Future research directions aimed at enhancing the method’s effectiveness and reliability include (i) extending the POI to multi-month/seasonal windows to capture intermittently used berths; (ii) incorporating multi-modal weak supervision (Sentinel-2/SAR imagery and third-party berth polygons) for semi/weakly supervised outline refinement; (iii) broadening evaluation across additional ports and vessel classes; and (iv) developing task-specific variants, e.g., ship-type/subtype–specific models and hotspot mapping beyond ports.

Author Contributions

Conceptualization, A.H., N.D. and O.A.; methodology, A.H., N.D. and O.A.; software, A.H.; validation, A.H. and N.D.; formal analysis, A.H., N.D. and O.A.; investigation, A.H., N.D. and O.A.; resources, A.H. and N.D.; data curation, A.H.; writing—original draft preparation, A.H., N.D. and O.A.; writing—review and editing, A.H., N.D. and O.A.; visualization, A.H.; supervision, N.D.; project administration, N.D.; funding acquisition, N.D. All authors have read and agreed to the published version of the manuscript.

Funding

This work was co-financed by the European Union—NextGenerationEU, through the Research and Innovation Foundation with grant number CODEVELOP-GT/0322/0096 (ADAPTATION), and the EU H2020 Research and Innovation Programmes under Grant Agreements No. 857586 (CMMI-MaRITeC-X) and No. 101158669 (AXOLOTL). Views and opinions expressed are, however, those of the authors only and do not necessarily reflect those of the funding authorities.

Institutional Review Board Statement

Not applicable.

Informed Consent Statement

Not applicable.

Data Availability Statement

Research data for this article are made available via Mendeley Data (DOI: 10.17632/r37vwd493d.1) at https://data.mendeley.com/datasets/r37vwd493d/1 (accessed on 4 November 2025).

Acknowledgments

Our work would not be possible without the support of our colleague Charalambos Rotsides, who was instrumental in the efficient collection, processing, and storage of the AISStream data. The authors also acknowledge the use of OpenAI’s ChatGPT (GPT-4) for language editing assistance.

Conflicts of Interest

The authors declare no conflicts of interest.

Abbreviations

The following abbreviations are used in this manuscript:

MDL	Minimum Description Length
GMM	Gaussian Mixture Model
DBSCAN	Density-based spatial clustering of applications with noise
KLD	Kullback-Leibler divergence
TEU	twenty-foot equivalent unit
SD	Standard deviation
MCI	Monte Carlo Integration
API	Application Programming Interface
POI	Period of Interest
ROI	Region of Interest
MMSI	Maritime Mobile Service Identity
TPE	Tree-structured Parzen Estimator
BD	Bhattacharyya distance
PDF	Probability density function

Appendix A. Data Preprocessing

Table A1 details the number of AIS messages after each prepossessing step over the POI and across all ports under investigation. Initially, the data are refined by selecting only records with a speed below a maximum threshold. Next, AIS messages with missing dimension information are excluded—however, all AIS messages in our experiments were complete in that sense. Records with a heading of “511”, indicating unavailable heading data, are then discarded. The data are then divided into two approximately equal parts (as described in the main text). In the interpolation step, data for each vessel is interpolated on an hourly basis. Finally, any records with significant heading changes (herein defined as larger than 10 degrees) are removed from these splits.

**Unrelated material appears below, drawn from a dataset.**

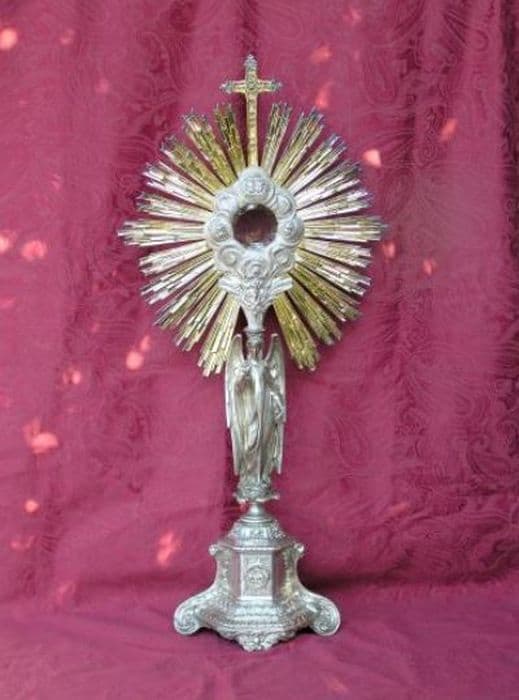 Ostensoir en métal argenté, gloire dorée, lunule en argent doré, dans un coffret en bois gainé de tissu noir et blanc à l'intérieur. Quatre pieds, deux à volutes alternant avec deux à rinceaux. Dessus à six pans avec méplat orné de carreaux et élément concave frappés d’un treillis. Base tronconique à six côtés avec deux médaillons perlés. Partie haute à six pans avec méplat orné de carreaux surmonté d’une partie chargée d’un opercule posé sur un blason baroque. Fût constitué par un ange debout sur un piédouche, les ailes pliées, la main droite enseignante, la main gauche tenant un livre. Extrémité supérieure du fût en forme de palmier, sommé d’un bouquet d’épis de blé. Nuées entourant la monstrance chargée de quatre têtes d’anges : deux en chef, une de part et d’autre. Rayons droits. Croix travaillée.

Table A1. One-month period AIS message count following each preprocessing step.

Port	AIS Data	ROI	Speed	511 Heading	Split		Interpolation		Heading
Singapore	609,975	119,466	103,624	95,369	47,870	47,499	25,561	25,414	23,559	23,483
Busan	120,752	90,363	76,037	54,491	27,477	27,014	14,753	14,712	10,636	10,124
Antwerp	676,896	322,840	281,909	104,479	52,514	51,965	27,950	27,666	25,723	25,539
Los Angeles	42,055	11,249	10,954	10,954	5575	5379	2822	2743	2758	2684
Southampton	24,998	8383	7382	7243	3905	3338	2031	1746	1872	1651
Auckland	5618	5587	5587	5184	2919	2265	1484	1174	1420	1115
Livorno	19,700	14,476	13,382	13,127	6690	6437	3455	3313	3304	3148
Cape Town	17,863	11,030	10,444	10,398	5398	5000	2757	2535	2655	2470
Gdansk	72,020	38,192	37,311	32,314	16,480	15,834	8404	8079	8230	7910
Limassol	10,049	2131	1899	1690	874	816	464	441	404	402
Algeciras	76,008	15,368	12,335	11,971	6099	5872	4173	3957	3058	2714

Appendix B. Optimal Hyperparameter Values

The optimal hyperparameter values for both DBSCAN and GMM, as determined through our model selection process, are presented in Table A2 for all ports of interest, encompassing both the geohash and non-geohash variants of the proposed method.

Table A2. Optimal hyperparameters for both the Geohash and Non-Geohash methods over a one-month period.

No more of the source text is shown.